Change to triple-lock mechanism 'sensible' due to changed global situation, says Coveney

A motion at the Fine Gael Ard Fheis is calling for a the triple-lock to be turned into a double-lock.

FOREIGN AFFAIRS MINISTER Simon Coveney has said that moving away from the triple-lock system for sending Defence Force’s troops on missions abroad would be “a sensible change”.

Currently, to send more than 12 Irish troops abroad, there needs to be approval by the Government, approval by the Dáil and a UN Resolution to mandate the mission.

However, a motion at the Fine Gael Ard Fheis is calling for the triple lock to be abolished and replaced with a system that would only require Government and Dáil approval.

Speaking to reporters this morning at the Ard Fheis, Coveney said that he didn’t believe a change to the triple-lock would be radical and that there were currently limitations with the system due to Russia creating gridlock on the UN Security Council.

“I don’t regard a move away from the triple lock as a radical change,” Coveney said.

I would regard that move as a sensible change, recognising the limitations of the triple lock in terms of the ability of the Irish parliament and the Irish Government to make a decision to be part of a peacekeeping operation.

“Don’t forget that one of the elements of the triple lock is that we are required to have a UN mandate. That effectively means that a country like Russia can veto what Ireland chooses to do. Is that neutrality?”

Coveney said that the global political situation has changed in the last 12 months due to the ongoing war in Ukraine and said that Irish people would be uncomfortable with Russia having a veto on peacekeeping operations.

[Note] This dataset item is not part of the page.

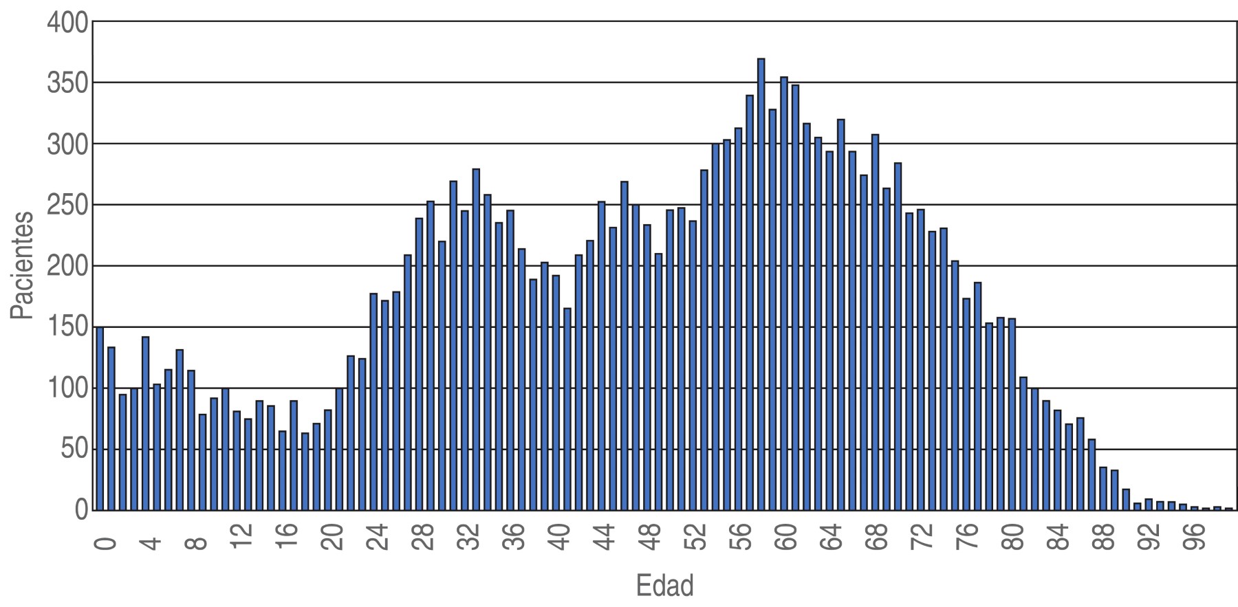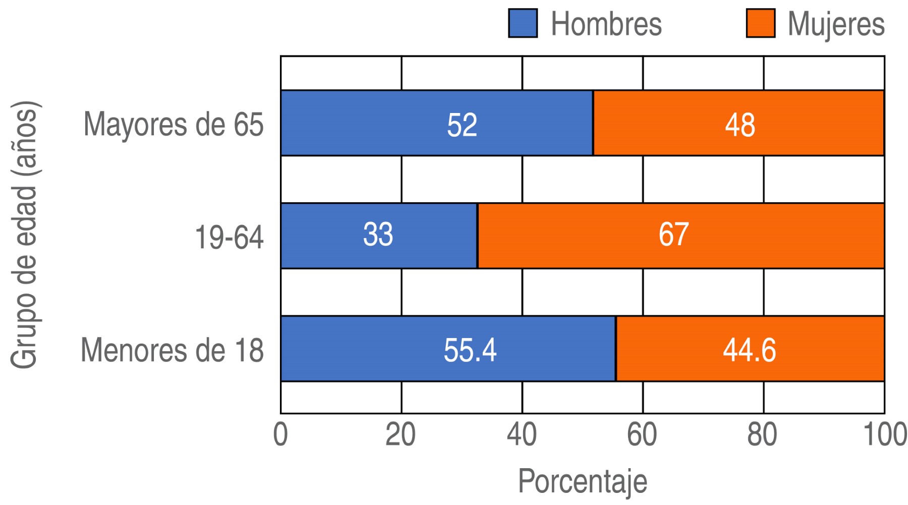 En menores de 18 años el 55.4% fueron hombres y el 44.6% mujeres. En el grupo de edad comprendido entre los 18 y 64 años hubo más pacientes mujeres (67%) que hombres (33%). En mayores de 65 años nuevamente vuelve a haber una proporción similar de hombres y de mujeres (52 y 48% respectivamente), esto puede observarse en la Figura 4.
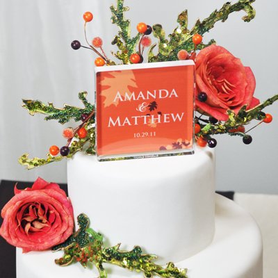 Let your guests delight in more than the taste of your wedding cake when you place our Fall Wedding Cake Topper on it! Adding one more definition of personalized style to your big day, this autumnal cake decoration can be customized with your names, wedding date and fall color scheme of your choice! So, go ahead and let this must have be your ideal finishing touch, and cheers to many years of blissfully goodness!Details:Size: Measures 4 inches by 4 inches by 1/2 inch thick.Materials: Acrylic and static cling vinylPersonalization Options:The Fall Wedding Cake Topper may be personalized with two block first names (max of 12 characters per name) and numeric date in your choice of a burnt sienna or cinnamon background at No Additional Cost. *Please Note: Personalization ink varies with background color. See More Photos for samples.

“I think global politics has changed in the last year and I think a lot of Irish people will be very uncomfortable with the fact that somebody making a decision in the Kremlin to frustrate a UN mandate would essentially be able to veto whether Ireland can participate in a peacekeeping mission or a post-conflict management situation or a peace intervention in any part of the world,” he added.

However, Coveney added that there were no plans to change the policy without engagement with other Government parties, alongside engagement with the opposition.

“This isn’t something we’re going to jump into, or change without a lot of consultation and discussion, not only with Government parties but also with opposition parties as well.”

He added that the triple-lock had served Ireland well previously, adding that it was a reassurance to have a UN mandate for any peacekeeping operation.

Coveney also reiterated that the Government had no plans to expel the Russian ambassador Yuri Filatov.